Wednesday, March 29, 2006

Give It Up

When is it time to give up your dreams? And what's the most unintentionally disheartening thing I've ever heard a writer say?

To answer both: a few years ago at a writing conference, a group of us met with a literary agent. After we had asked some basic questions on the book business, a woman in her early 60s (and there seemed to be quite a few older ladies at this conference) raised her hand and spoke. She was confident about getting representation, and wanted to make sure she would get the perfect agent for her book.

And so she asked, in words that have haunted me since, "When I send the agent a query letter, should I mention that in addition to my current novel, that I've got three other unpublished novels in my drawer?"


Some things are easier to give up than others

The agent looked positively horrified, like he had to tell someone their pet dog was dead. Or worse, that his boss had told him he had to represent genre fiction. "Uh, I don't think that's a good idea," the agent said. "Next question?"

I don't know what was saddest: that this woman was on her fourth unpublished novel, or her belief that having three spare books would be an asset, or that she didn't realize how pathetic it all sounded. If I was working on my fourth unpublished novel instead of just my third, I'd at least know not to make it public.

Four-Novel Lady was not the only conference attendee in this predicament. During a student reading, a woman shared with us a story that had won some sort of award, a story about a family whose name she kept calling "the Lesbos." After the reading, Lesbos tried to push through a crowd surrounding a visiting hotshot editor, but never made it. Lesbos was holding a copy of her story collection, spiral bound and presentation-ready. She was positively crestfallen.

Being that I don't want to end up like these people — who may be perfectly content folk, thrilled with the mere act of writing — I sometimes wonder if it's time to hang up my spurs, lest I become a woman in her 60s with four novels rotting in a trunk.

That such thoughts are perfectly correlated to when I receive a rejection letter, which puts me in a mood to do something I might regret, like going postal on the "New Arrivals" section at Barnes & Noble, well, that's just a coincidence.

Alright, you've got me. If you're thinking, "Hey, this whining, bitching loser probably just got another rejection letter," you are correct. You are more observant than a recent convert to a fundamentalist religion.

In a recent missive from The Land of No, an editor said that he "enjoyed this novel. I loved this part, loved that part, blah blah blah...but the plot doesn't hold together for me in the end."

That was pretty much the same problem that editors have pointed out in these rejection letters. Stupidly, I followed the advice of my agent following the first few of these letters, and didn’t start reworking the novel immediately.
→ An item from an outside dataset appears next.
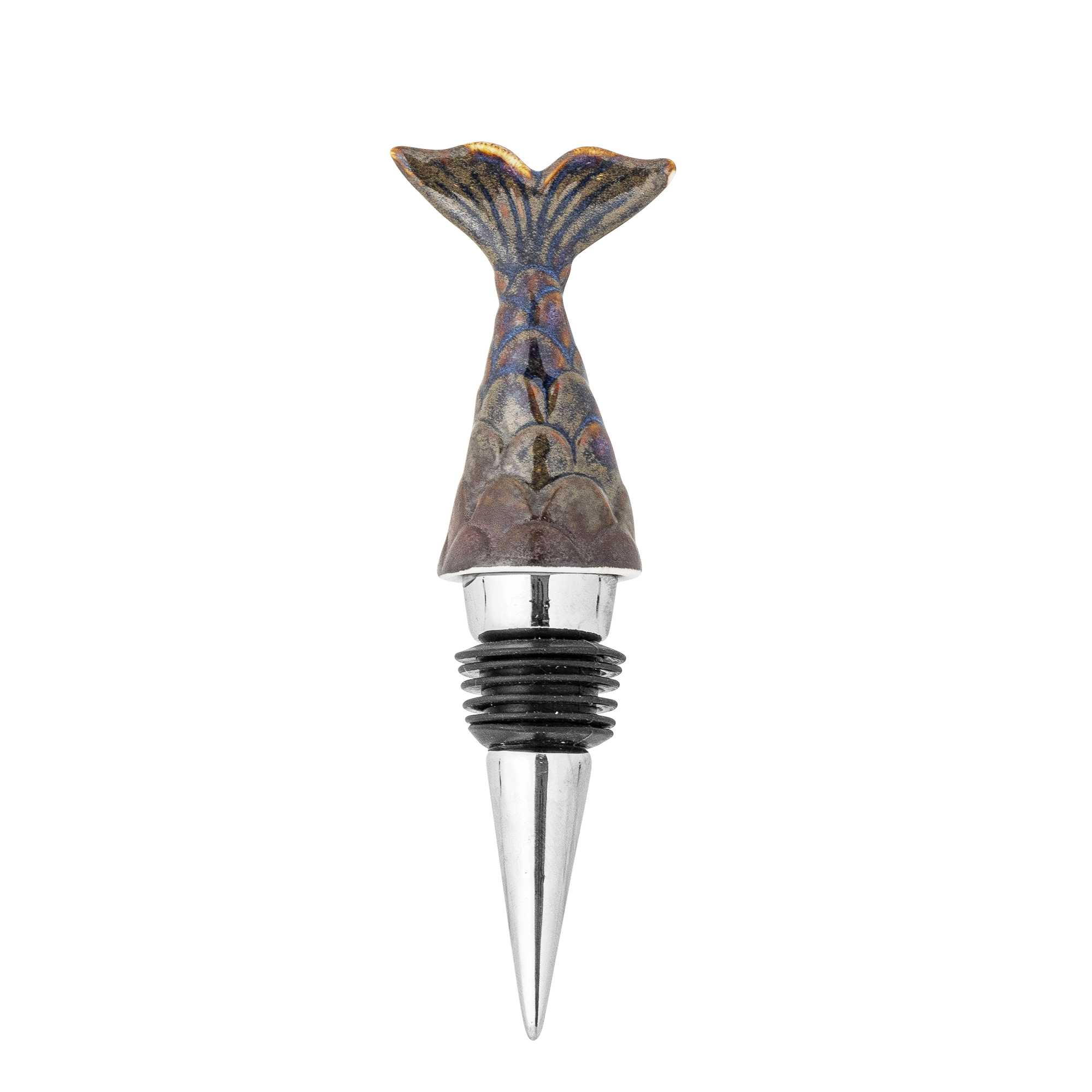 Deze wijnstopper heeft een visstaartversiering van geglazuurd keramiek.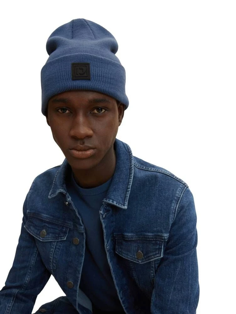 Yksivärinen Beanie-pipo pienellä mustalla merkillä.

After the most recent notice, I got wise and told the agent that I was going to do a rewrite. He replied to complete said rewrite with great haste, for he had almost run out of places to send it. Oops.


I wish I knew how to quit you

It is times like this that makes one question the whole damn undertaking. Sure, I have an agent, and positive rejection letters from editors, and I know that makes me lucky, and that other people would surely trade places with me and blah blah blah and I really don’t care and just be quiet and pass me the Professional Strength Liquid-Plumr.

No one can make you give it up — give up writing, that is. A baseball player knows he’s come to the end of the line when no team, be it the most hapless outfit in the majors or its single-A affiliate in Uzbekistan, will allow him on the field.

Scribbling words on a page constitutes a different matter. The beauty of it is that any fool can pick up a pen and write. You can start young, middle-aged, or old. You can write plays and short stories and novels and screenplays and poetry. Nobody can stop you, though after a few years of rejections, you start to wish somebody would.

Of course, I'm not quitting, as writing fiction is the creative outlet that animates my days. Plus, once in a great while, I actually enjoy it. (So no letters begging me not to quit, as I know most of those reading this are tempted to do).

Also, if I gave up the fiction trade, I’d have one less thing to complain about, one less reason to skew editors and agents and literary journals and other writers and especially myself. One less excuse to be a crybaby.

And I can't let that happen — after all, I don't know what else I would blog about.